(Entries taken from a collection)

——————

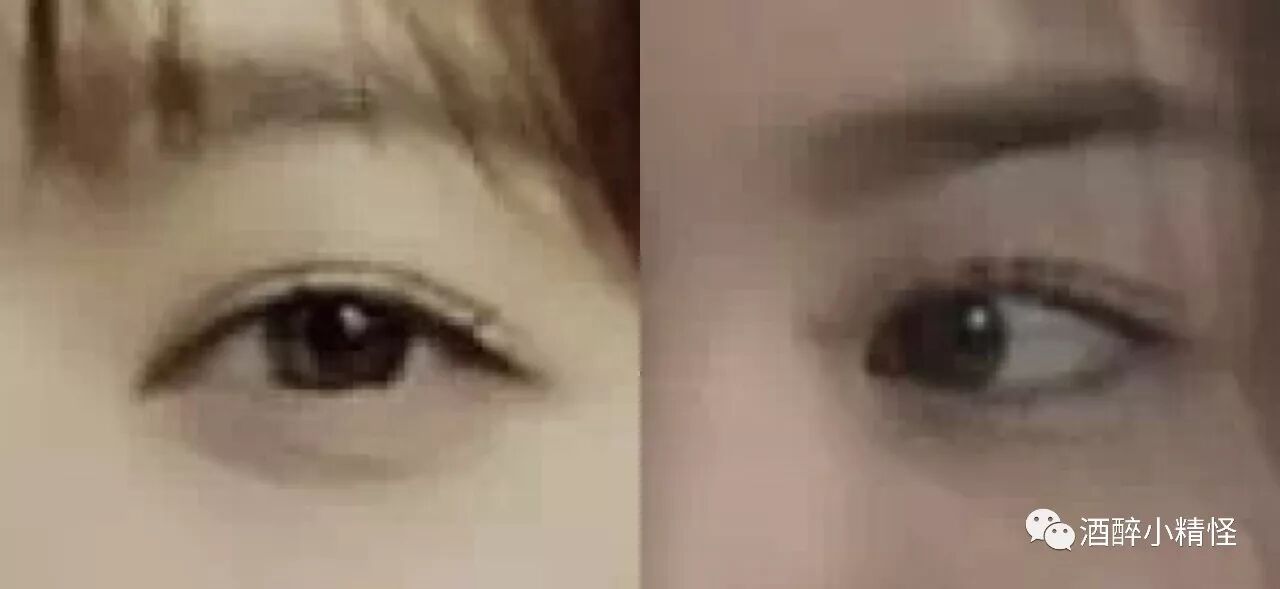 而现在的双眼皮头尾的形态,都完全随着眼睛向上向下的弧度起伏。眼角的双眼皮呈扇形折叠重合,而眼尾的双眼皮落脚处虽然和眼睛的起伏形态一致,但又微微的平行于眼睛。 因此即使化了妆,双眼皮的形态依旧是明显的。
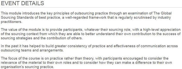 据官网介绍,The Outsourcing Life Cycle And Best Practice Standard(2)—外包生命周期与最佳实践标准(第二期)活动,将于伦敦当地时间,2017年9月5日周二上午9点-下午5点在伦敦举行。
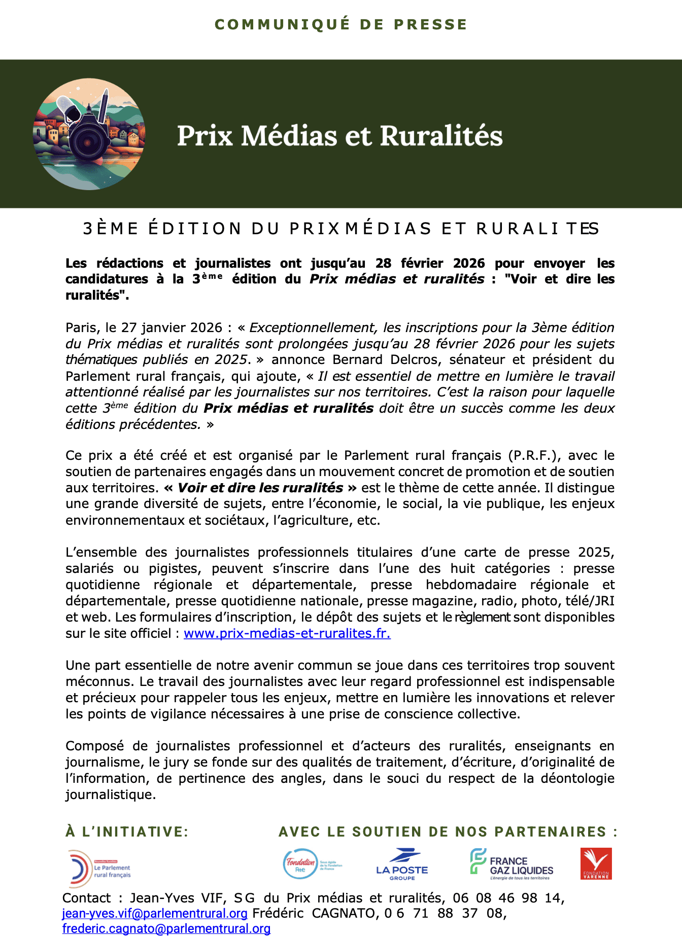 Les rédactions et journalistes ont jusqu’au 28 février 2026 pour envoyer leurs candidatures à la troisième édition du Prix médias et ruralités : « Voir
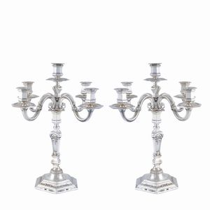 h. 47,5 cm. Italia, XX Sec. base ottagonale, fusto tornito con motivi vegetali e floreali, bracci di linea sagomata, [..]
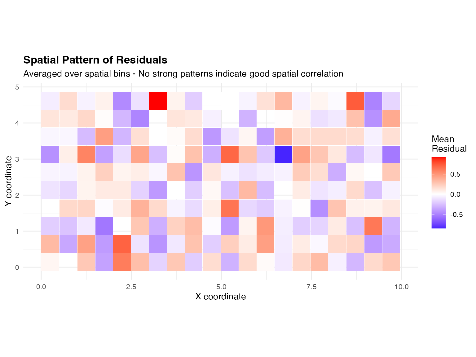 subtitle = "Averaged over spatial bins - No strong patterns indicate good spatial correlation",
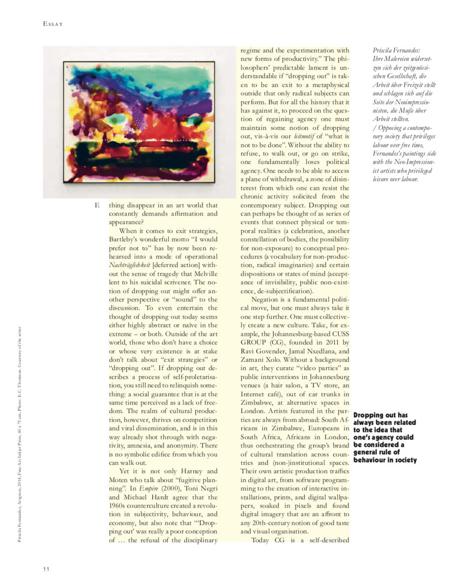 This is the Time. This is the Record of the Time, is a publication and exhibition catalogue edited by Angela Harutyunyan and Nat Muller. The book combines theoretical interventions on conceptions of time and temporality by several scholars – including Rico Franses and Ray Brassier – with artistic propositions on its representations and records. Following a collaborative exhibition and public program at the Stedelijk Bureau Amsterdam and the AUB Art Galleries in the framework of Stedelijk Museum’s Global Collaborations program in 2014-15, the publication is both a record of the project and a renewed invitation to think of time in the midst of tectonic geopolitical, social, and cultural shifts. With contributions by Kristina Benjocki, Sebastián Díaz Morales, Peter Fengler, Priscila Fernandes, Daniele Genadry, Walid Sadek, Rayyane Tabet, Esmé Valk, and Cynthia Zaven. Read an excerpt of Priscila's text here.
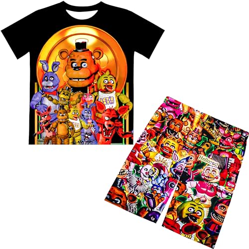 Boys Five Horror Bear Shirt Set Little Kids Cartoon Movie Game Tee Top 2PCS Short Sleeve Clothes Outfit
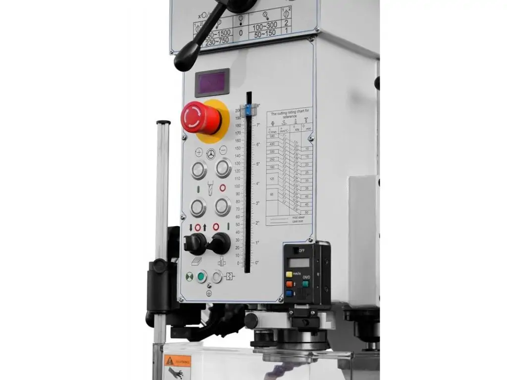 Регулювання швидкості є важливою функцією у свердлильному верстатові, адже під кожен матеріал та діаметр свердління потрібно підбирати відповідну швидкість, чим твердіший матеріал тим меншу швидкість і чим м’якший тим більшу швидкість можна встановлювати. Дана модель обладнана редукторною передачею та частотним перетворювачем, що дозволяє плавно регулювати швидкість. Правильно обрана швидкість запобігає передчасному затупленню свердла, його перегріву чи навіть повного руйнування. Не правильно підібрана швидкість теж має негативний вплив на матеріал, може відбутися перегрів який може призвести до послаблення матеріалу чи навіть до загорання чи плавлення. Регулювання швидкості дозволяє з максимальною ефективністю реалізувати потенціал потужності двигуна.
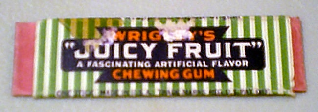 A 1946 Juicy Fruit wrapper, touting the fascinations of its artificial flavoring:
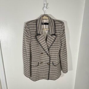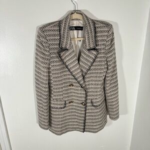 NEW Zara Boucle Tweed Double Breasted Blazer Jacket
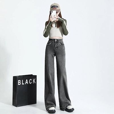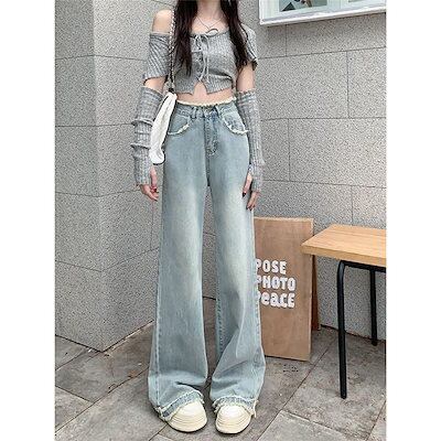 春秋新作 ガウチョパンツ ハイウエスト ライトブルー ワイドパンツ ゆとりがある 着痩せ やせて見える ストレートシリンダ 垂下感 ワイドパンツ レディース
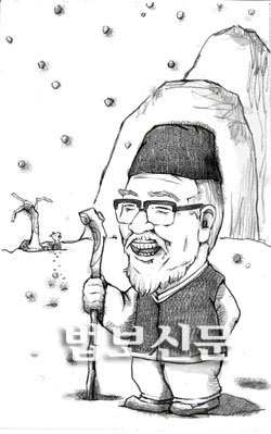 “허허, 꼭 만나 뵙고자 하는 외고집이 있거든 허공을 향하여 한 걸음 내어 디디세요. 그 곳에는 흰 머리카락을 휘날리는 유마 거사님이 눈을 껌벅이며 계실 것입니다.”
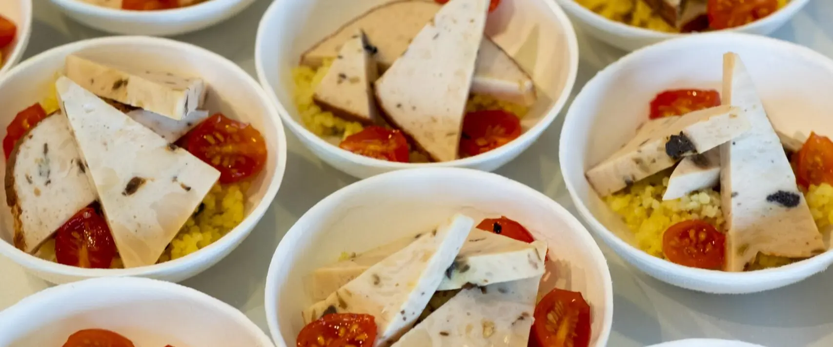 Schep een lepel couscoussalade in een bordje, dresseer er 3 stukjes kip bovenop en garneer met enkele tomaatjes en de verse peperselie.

——————

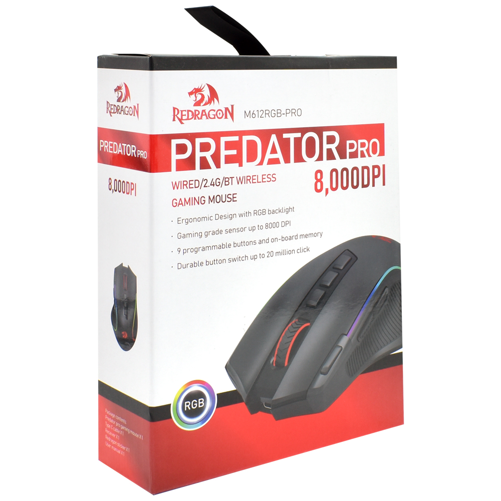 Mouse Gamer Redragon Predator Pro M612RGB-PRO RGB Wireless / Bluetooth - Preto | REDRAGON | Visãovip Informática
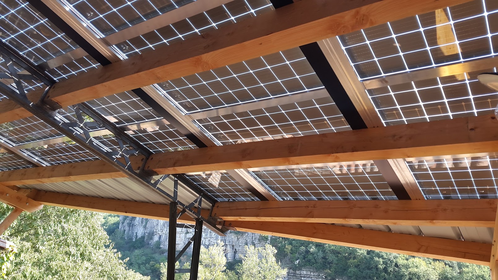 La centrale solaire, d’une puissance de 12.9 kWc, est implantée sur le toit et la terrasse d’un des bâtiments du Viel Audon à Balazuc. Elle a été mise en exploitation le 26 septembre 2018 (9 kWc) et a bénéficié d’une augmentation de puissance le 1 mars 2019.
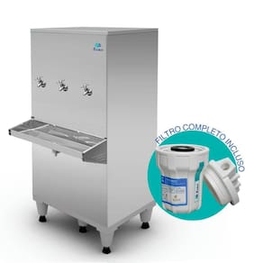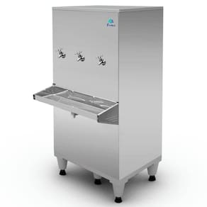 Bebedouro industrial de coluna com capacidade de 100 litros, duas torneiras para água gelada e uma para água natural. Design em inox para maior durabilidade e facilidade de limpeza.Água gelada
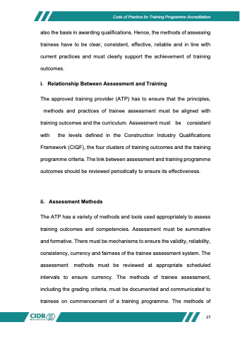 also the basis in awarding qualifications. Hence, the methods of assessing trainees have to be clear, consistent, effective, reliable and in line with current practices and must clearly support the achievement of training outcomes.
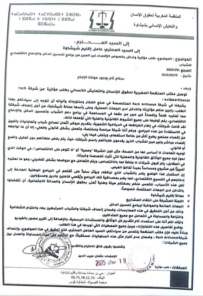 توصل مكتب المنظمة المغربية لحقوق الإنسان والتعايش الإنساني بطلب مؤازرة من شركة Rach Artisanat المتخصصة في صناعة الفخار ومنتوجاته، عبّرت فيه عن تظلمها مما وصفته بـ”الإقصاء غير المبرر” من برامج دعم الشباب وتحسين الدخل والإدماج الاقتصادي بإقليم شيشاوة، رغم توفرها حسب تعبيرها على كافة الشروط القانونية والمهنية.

——————

● **To do**
Starting at the line containing "而现在的双眼皮头尾的形态,都" and stopping at the line containing "over spatial bins", output every line above exactly, both ends included, with pictures omitted.

● **Task solution**
 而现在的双眼皮头尾的形态,都完全随着眼睛向上向下的弧度起伏。眼角的双眼皮呈扇形折叠重合,而眼尾的双眼皮落脚处虽然和眼睛的起伏形态一致,但又微微的平行于眼睛。 因此即使化了妆,双眼皮的形态依旧是明显的。
 据官网介绍,The Outsourcing Life Cycle And Best Practice Standard(2)—外包生命周期与最佳实践标准(第二期)活动,将于伦敦当地时间,2017年9月5日周二上午9点-下午5点在伦敦举行。
 Les rédactions et journalistes ont jusqu’au 28 février 2026 pour envoyer leurs candidatures à la troisième édition du Prix médias et ruralités : « Voir
 h. 47,5 cm. Italia, XX Sec. base ottagonale, fusto tornito con motivi vegetali e floreali, bracci di linea sagomata, [..]
 subtitle = "Averaged over spatial bins - No strong patterns indicate good spatial correlation",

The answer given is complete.